This repo contains code for creating Nuxeo extent stats reports.
Basic layout:
The script for generating the extent stats is extentstats.py
.
There is a Dockerfile
for creating an image in which to run exentstats.py
.
The sceptre
directory contains a CloudFormation template for creating a CodeBuild project and an ECS task in AWS (using sceptre).
The run-extent-stats.py
script runs the extentstats.py
script in a container on Fargate.
TODOs: there are still several things that are on the roadmap w/r/t to automation of building and deploying, including getting this into Airflow.
To run the extent stats generation in fargate (this is a manual process for now; planning on setting up in Airflow at some point):
Make sure your AWS credentials for the pad-dsc-admin
AWS account are set in your environment.
Make sure that NUXEO_TOKEN
environment is set in your environment. (You'll need to obtain a Nuxeo token for using the API if you don't already have one).
To run the reports for one campus:
python run-extent-stats-task.py --campus UCSD
To run the reports for all campuses (this will take a very long time!
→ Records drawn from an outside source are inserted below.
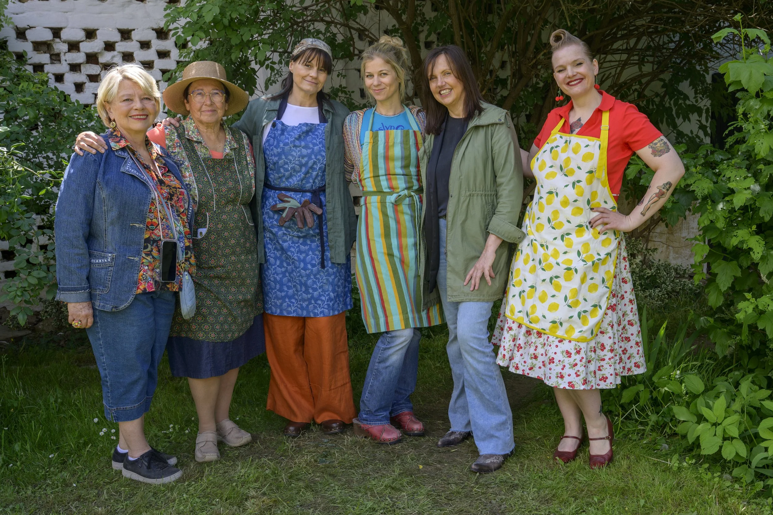 Bild unten links. Der Klub der Grünen Daumen: Margarethe Tiesel (Oma Hilda), Ingrid Singer (Mitzi), Eva-Maria Marold (Johanna), Hilde Dalik (Vera), ich und Corinna Pumm (Mathilde).
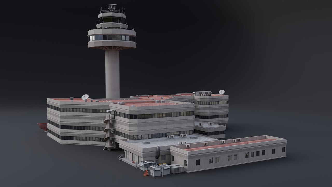 Les deux captures d’écran montrent le bâtiment de la tour de contrôle de l’aéroport dans un environnement non simulé, avec un fond vierge. Pyreegue est connu pour ses paysages détaillés, avec de nombreuses animations et petits avantages, qui rendent leurs aéroports impossibles à distinguer de la réalité.
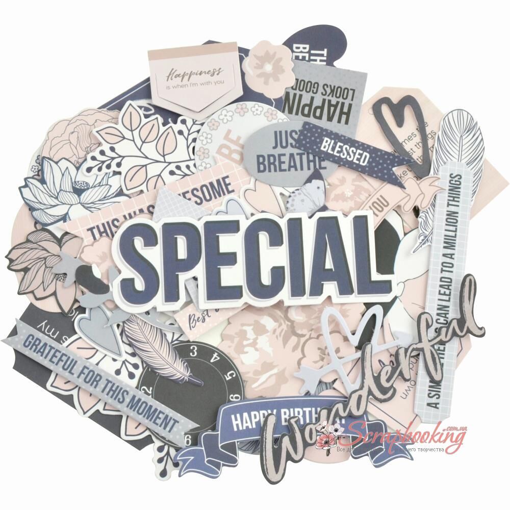 Висічки з колекції Breathe від виробника Kaisercraft. У наборі понад 40 висічок з щільного паперу. Розмір упаковки 90 * 150мм
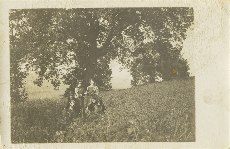 Ritratti femminili di quattro donne e tre cani. Tita Valori, in piedi, è riconoscibile sulla destra
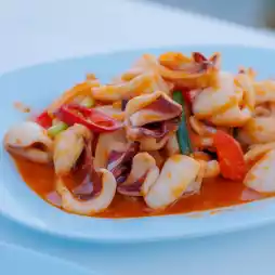 Squid Stir-fried with Salted Eggs. Everyone who goes there must try it. It's so good.
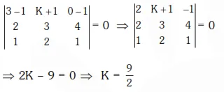 Question: If the lines $\frac{\mathrm{x}-1}{2}=\frac{\mathrm{y}+1}{3}=\frac{\mathrm{z}-1}{4}$ and $\frac{\mathrm{x}-3}{1}=\frac{\mathrm{y}-\mathrm{k}}{2}=\frac{\mathrm{z}}{1}$ intersect, then $\mathrm{k}$ is equal to :
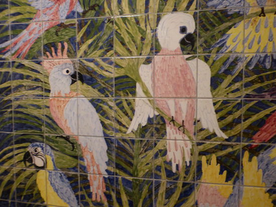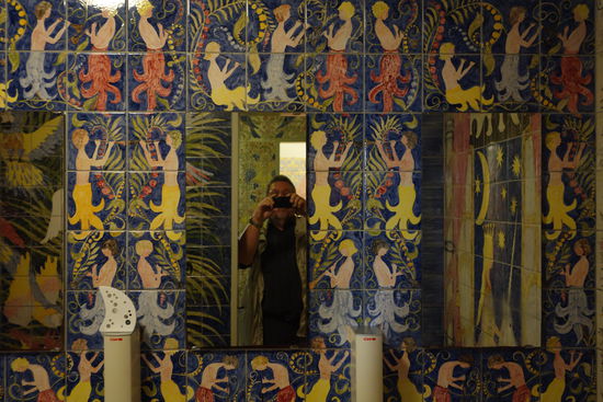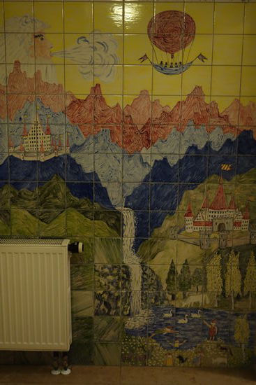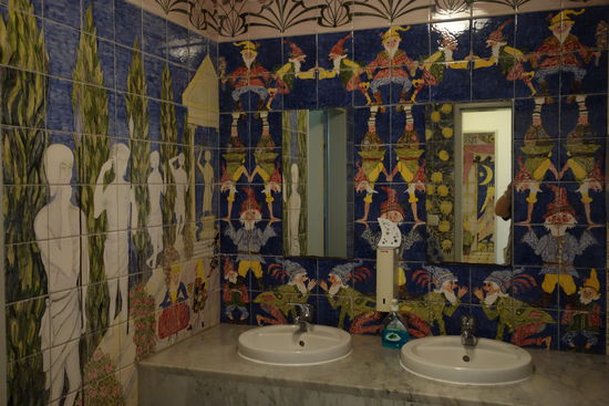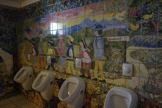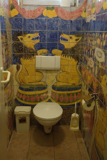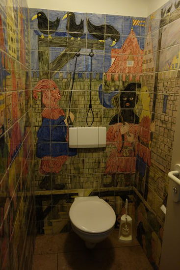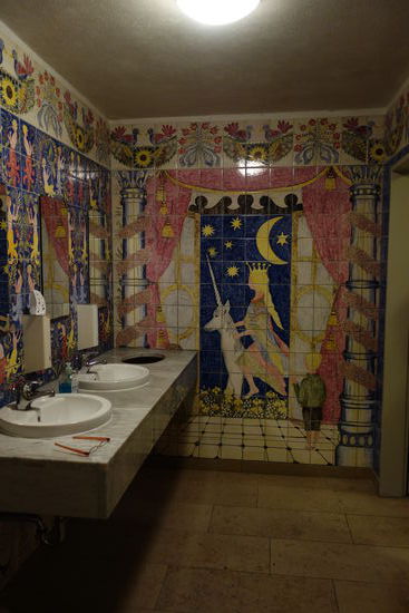 Ein besonderes Highlight erwartet uns dann noch am Ende des Rundganges. Auf sämtlichen Wänden der Toiletten- und Waschräume befinden sich 5.000 Fliesen, die Stück für Stück von Hand mit Märchenmotiven bemalt wurden. Sie dürften in ihrer Art einzigartig sein.

UCM and UCI take over 12 hours):
python run-extent-stats-task.py --all
The script will output the ARN of the ECS task that was launched, e.g.:
ECS task arn:aws:ecs:us-west-2:563907706919:task/nuxeo/f02c9bd725fe4ac99acd77bb12b8dc3e was started.
You can check on the status of the task in ECS. (Note: I'm not sure why the output from python doesn't immediately get written to CloudWatch logs. Something to look into.).
Metadata and reports are written to the nuxeo-extent-stats
S3 bucket in the pad-dsc-admin
AWS account.
Make any updates and push to github (main branch). Then trigger a new build of the nuxeo-extent-stats
CodeBuild project. This will build a new image and push it to ECR.
TODO: implement webhook to trigger build on push to main.
You can use the compose-dev.yaml
file to test out the docker files locally. Make sure your AWS env vars are set.
Log into ECR public so that you can pull the python image:
aws ecr-public get-login-password --region us-east-1 | docker login --username AWS --password-stdin public.ecr.aws
Then build and run the image:
docker compose -f compose-dev.yaml up
You can of course run extentstats.py
locally (not in Docker). See env.local.example
for what env vars need to be set.